От батареи осталось меньше половины личного состава, да и орудий столько же. Они стояли перед фронтом как на ладони. Стреляй не хочу. А по движущемуся танку ещё попасть надо. Тем более что он то и дело пропадает то за домами, то за деревьями. Но артиллеристы работали ювелирно. Они старались выбить головные машины, чтобы устроить заторы и расстрелять оставшиеся танки. Советская пехота к тому времени уже вышла из оврага перед деревней и, как река в половодье, потекла по улицам. Бой завязался в самой деревне. В некоторых местах дошло до рукопашной. Стеснённые условия не давали развернуться ни той, ни другой стороне, и перевеса в битве пока не было видно. Шёл уже третий час сражения, когда с флангов показались наши тридцатьчетвёрки. Это быстро решило исход сражения. Танки со звёздами на бортах особо не выбирали дорог. Они заходили через огороды в тыл "Тиграм" и штурмовым орудиям и просто расстреливали их в упор. Из села не вышла ни одна вражеская машина, не просочился ни один солдат. Все остались там.

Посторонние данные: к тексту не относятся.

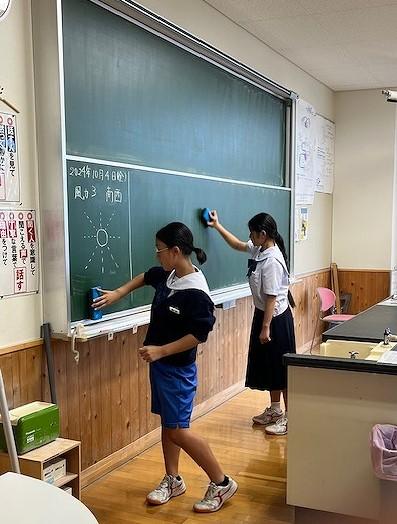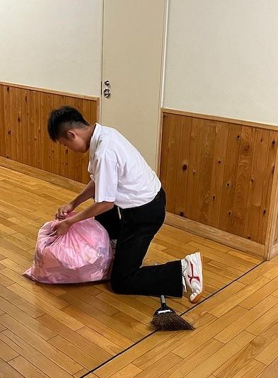 生徒の掃除の様子を紹介します。時間いっぱい自分の清掃場所である教室や、特別教室、廊下など、きれいにしようと、一人一人しっかりと取り組んでいます。清掃後は全員で反省会をしてきれいになったかどうかを確認しています。
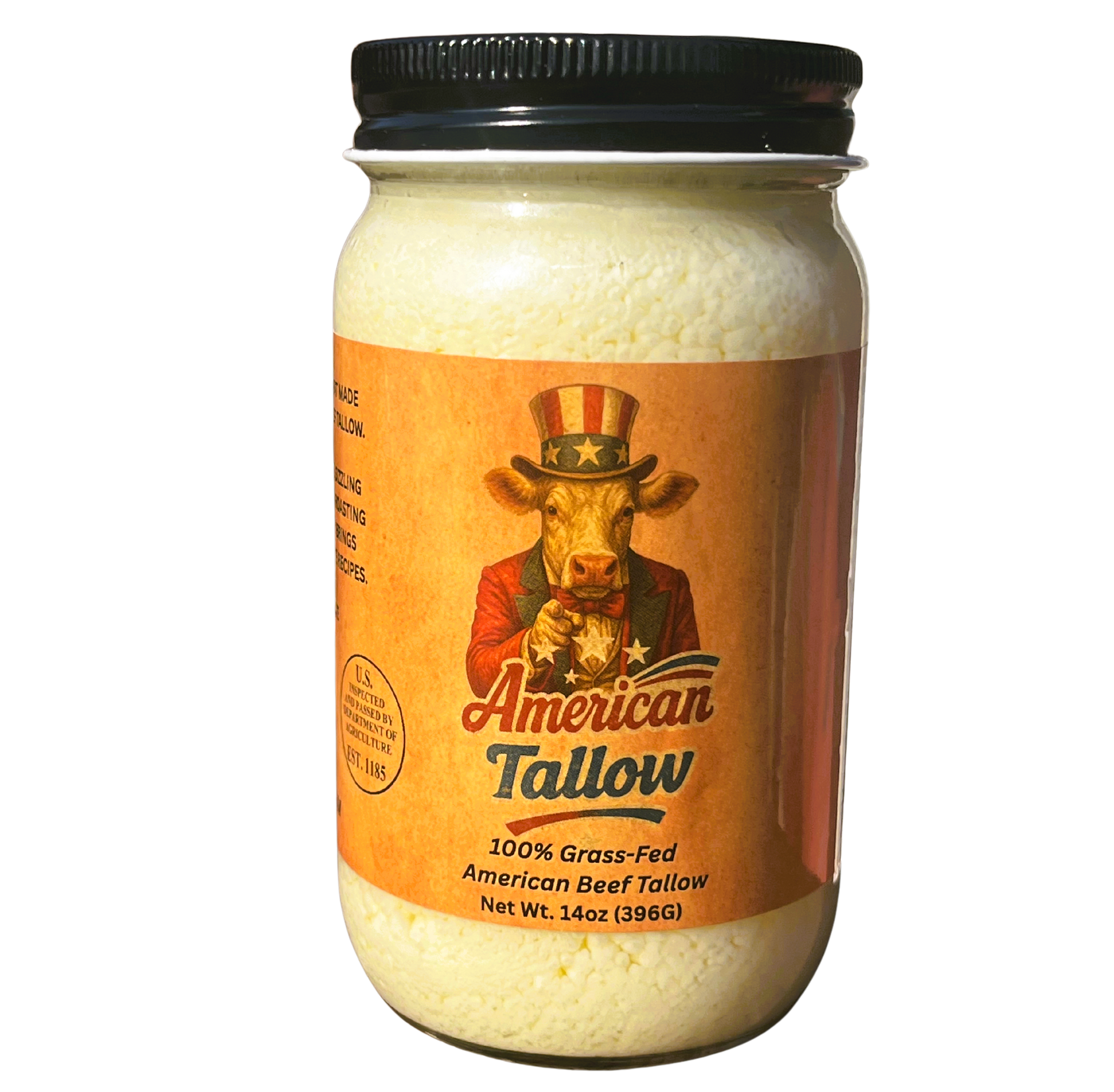 American Tallow, 100% Grass-Fed, Pasture-Raised, Non-GMO American Beef Tallow 14 oz Glass Jar

Иван в изнеможении сел на лафет и осмотрелся. По батарее уже бегали санитары. Сан Саныча не было на месте. Его, видно, уже успели унесли. Фёдора бинтовал пожилой санитар. Он вытер от крови лицо заряжающего. Фёдор стонал от боли. Он был жив. А вот остальные лежали без движения. Спортсмен как сидел, схватившись за живот, так и остался сидеть, склонив непокрытую голову. Лёгкий зимний ветерок шевелил чёрные Петькины волосы. Иван не выдержал. Он подошёл к Петьке и надел на его голову шапку. От всего его расчёта в строю остался он один.
Глава 17.
Впереди в сумеречном тумане стояла столица Венгрии Будапешт. Город не был ещё тронут войной. Вот как писал о нём в то время генерал-полковник Фриснер: "Город являл собой мирную рождественскую картину, хотя противник стоял у самых его ворот. Все магазины работали, городской транспорт функционировал как ни в чём не бывало. На улицах царило оживление. Горожане закупали рождественские подарки. Противник лишь время от времени, по ночам, обстреливал город из дальнобойных орудий. Авиационные налёты на город случались редко". В городе на тот момент были сосредоточены крупные силы гитлеровцев. Тринадцать танковых, две моторизованные дивизии, а также мотобригада. Никогда и нигде до этого на Восточном фронте не было подобной плотности танковых войск.
Советское командование во избежание полного разрушения Будапешта направило окружённому гарнизону ультиматум о капитуляции. Письмо с ультиматумом должны были доставить два парламентёра. Капитан Илья Остапенко в Буду, капитан Миклош Штайнмец в Пешт. Обе группы парламентёров по прибытии на место тут же подверглись обстрелу. Остапенко и Штайнмец погибли. Такого беспредела немцы не допускали даже в Сталинграде. Поведение гитлеровцев выходило за рамки здравого смысла и рассудка. Расстрел парламентёров сыграл решающую роль в судьбе столицы Венгрии. Нацисты сами решили свою участь. Советским командованием был отдан жёсткий приказ: "Будапештскую группировку уничтожить полностью". А о негласном распоряжении не брать в плен мадьяр помнил каждый боец. Время штурма наступило. Час расплаты пробил.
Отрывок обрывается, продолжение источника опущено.